▶ _Records provided_:
▬▬▬▬▬▬
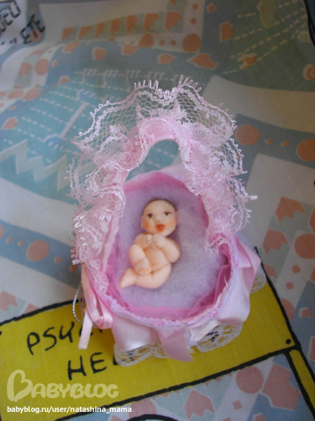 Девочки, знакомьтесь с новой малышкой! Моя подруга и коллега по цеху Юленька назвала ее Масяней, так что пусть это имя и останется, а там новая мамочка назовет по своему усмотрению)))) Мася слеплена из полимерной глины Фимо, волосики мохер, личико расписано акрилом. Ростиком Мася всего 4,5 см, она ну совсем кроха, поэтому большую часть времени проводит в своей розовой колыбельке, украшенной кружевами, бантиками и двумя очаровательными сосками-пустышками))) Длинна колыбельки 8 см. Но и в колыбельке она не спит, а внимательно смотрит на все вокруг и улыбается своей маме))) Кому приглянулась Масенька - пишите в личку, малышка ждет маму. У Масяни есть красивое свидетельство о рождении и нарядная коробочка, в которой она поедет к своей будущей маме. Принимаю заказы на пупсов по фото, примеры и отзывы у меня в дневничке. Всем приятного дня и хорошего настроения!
▬▬▬▬▬▬
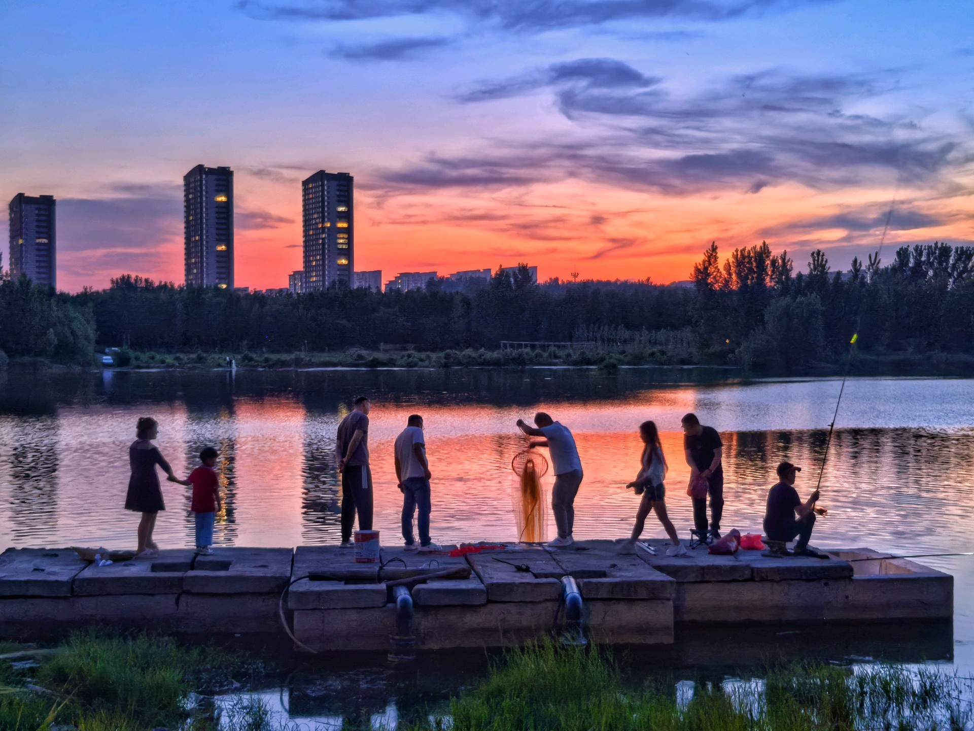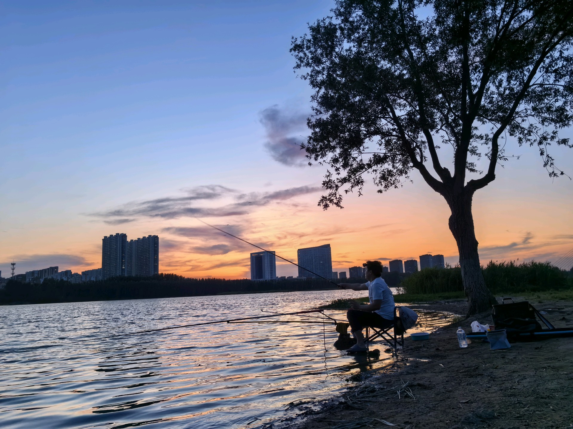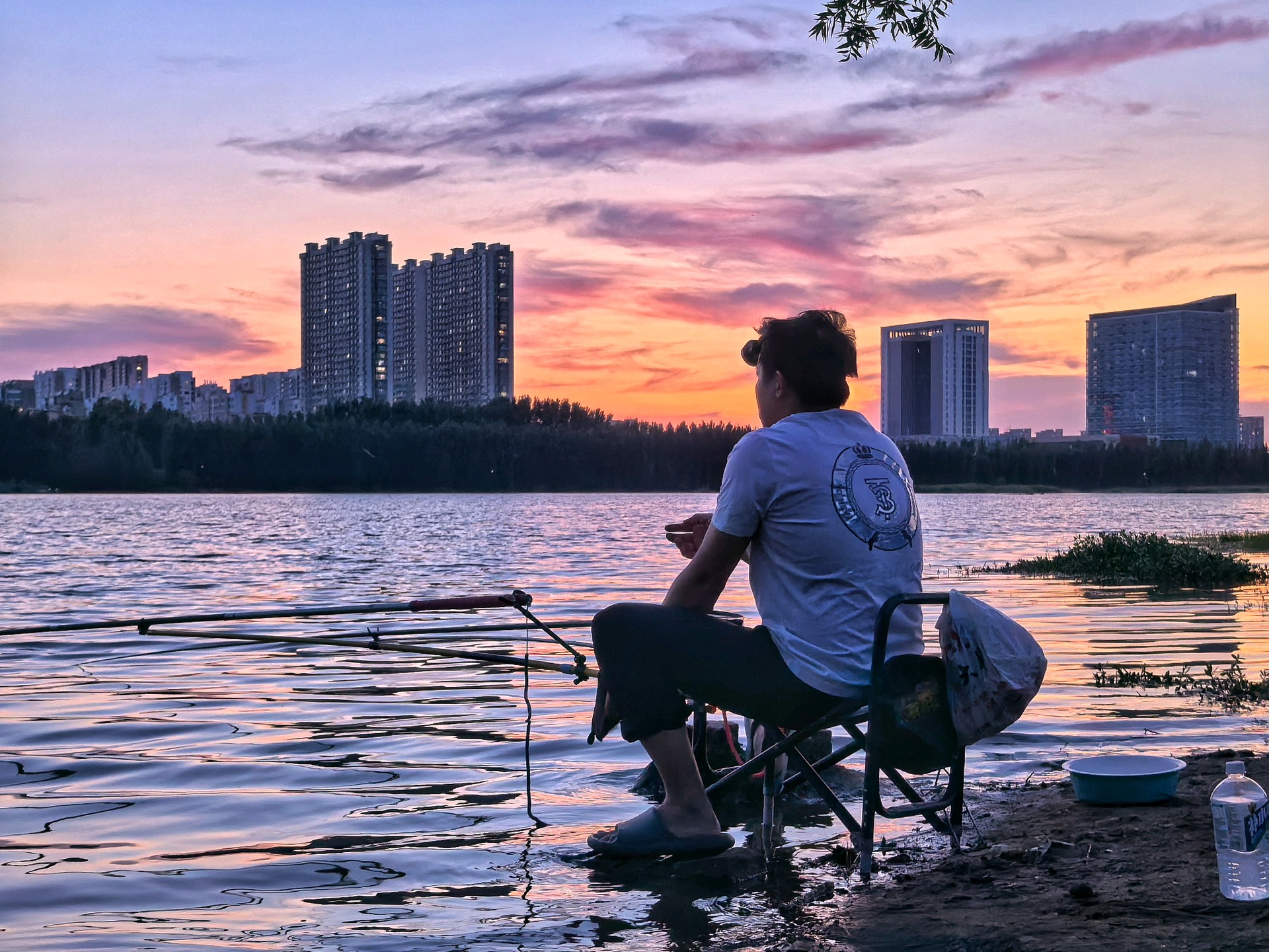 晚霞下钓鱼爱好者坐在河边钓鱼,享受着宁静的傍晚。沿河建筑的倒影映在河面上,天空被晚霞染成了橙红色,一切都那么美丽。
▬▬▬▬▬▬
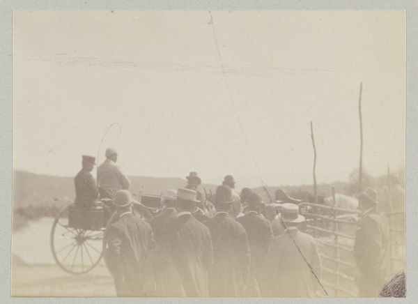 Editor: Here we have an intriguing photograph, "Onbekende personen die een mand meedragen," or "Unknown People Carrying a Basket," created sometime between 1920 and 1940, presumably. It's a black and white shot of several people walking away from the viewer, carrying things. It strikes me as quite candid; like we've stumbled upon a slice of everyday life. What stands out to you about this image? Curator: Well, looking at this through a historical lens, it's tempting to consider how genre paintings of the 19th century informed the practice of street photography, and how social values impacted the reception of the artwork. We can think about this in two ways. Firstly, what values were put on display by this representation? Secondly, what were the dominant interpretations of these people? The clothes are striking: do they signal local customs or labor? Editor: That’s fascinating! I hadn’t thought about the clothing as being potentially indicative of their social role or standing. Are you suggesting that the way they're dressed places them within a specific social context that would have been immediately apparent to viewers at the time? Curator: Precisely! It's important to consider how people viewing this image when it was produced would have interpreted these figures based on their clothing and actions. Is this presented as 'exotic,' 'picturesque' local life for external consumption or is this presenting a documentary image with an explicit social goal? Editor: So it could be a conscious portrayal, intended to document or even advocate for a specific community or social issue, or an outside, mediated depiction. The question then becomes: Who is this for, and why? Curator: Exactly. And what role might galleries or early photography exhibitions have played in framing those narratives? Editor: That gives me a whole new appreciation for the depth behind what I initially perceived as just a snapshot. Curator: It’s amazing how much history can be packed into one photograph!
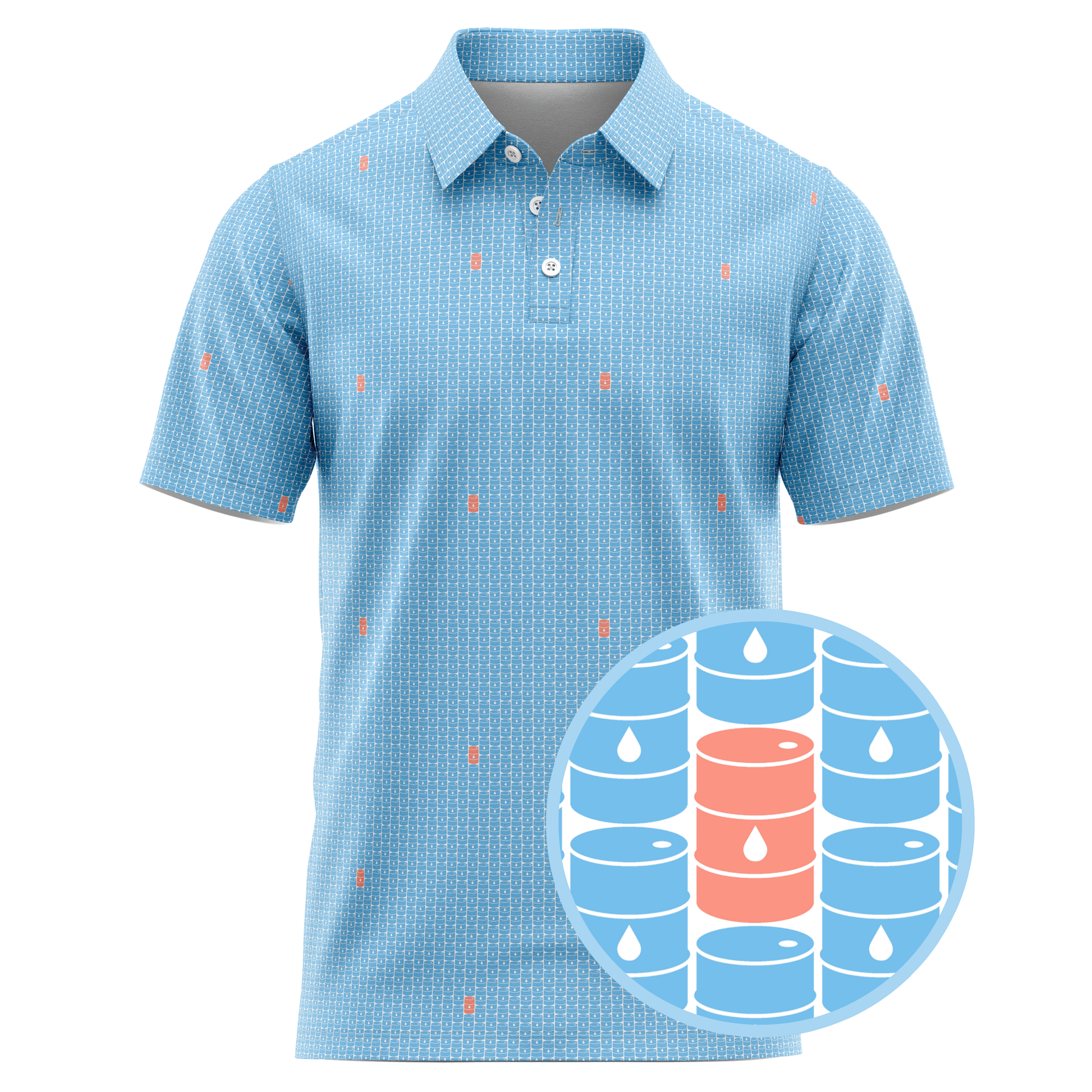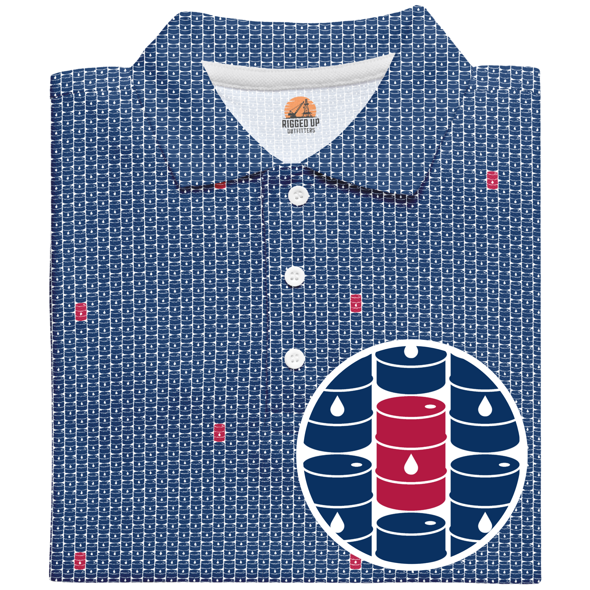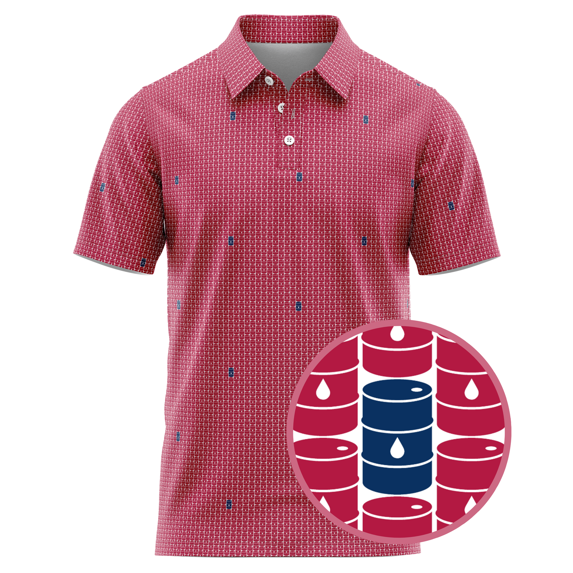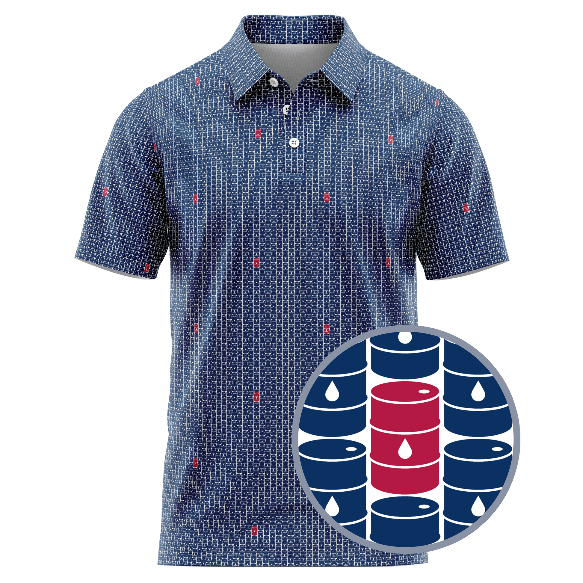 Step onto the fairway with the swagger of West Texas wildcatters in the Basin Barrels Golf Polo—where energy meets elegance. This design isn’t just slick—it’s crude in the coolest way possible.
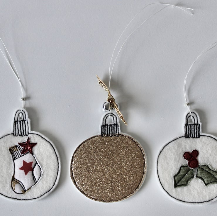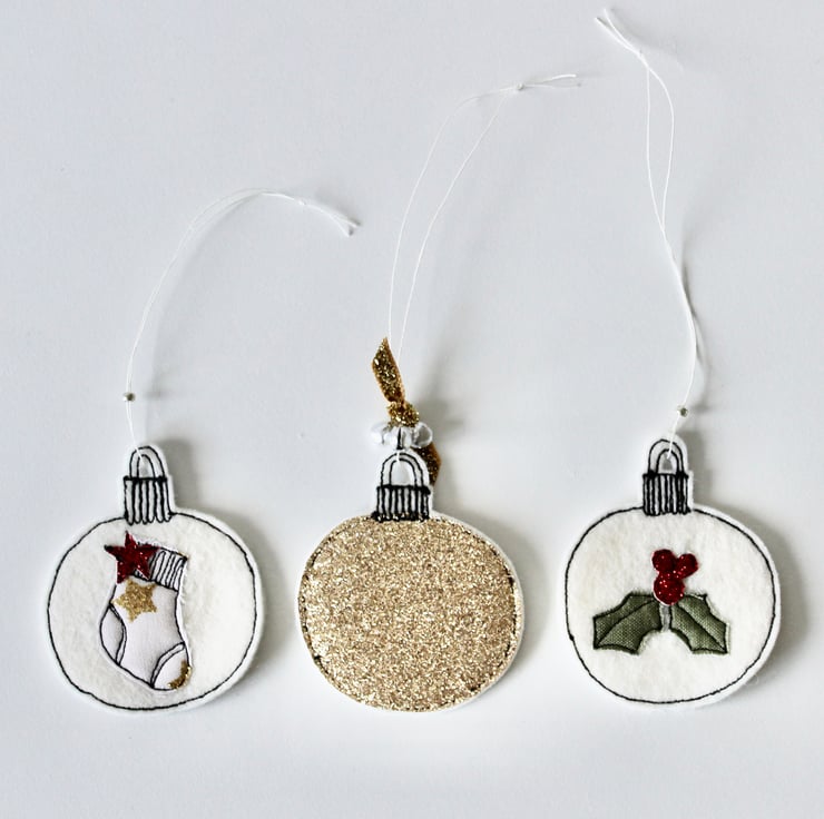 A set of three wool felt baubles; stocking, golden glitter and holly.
▬▬▬▬▬▬
▶ _Brief_: In the records above, find the line containing "Step onto the" and the line containing "A set of three", then give both of them again word for word along with every line between. Omit any pictures.

▶ _Answer box_:
 Step onto the fairway with the swagger of West Texas wildcatters in the Basin Barrels Golf Polo—where energy meets elegance. This design isn’t just slick—it’s crude in the coolest way possible.
 A set of three wool felt baubles; stocking, golden glitter and holly.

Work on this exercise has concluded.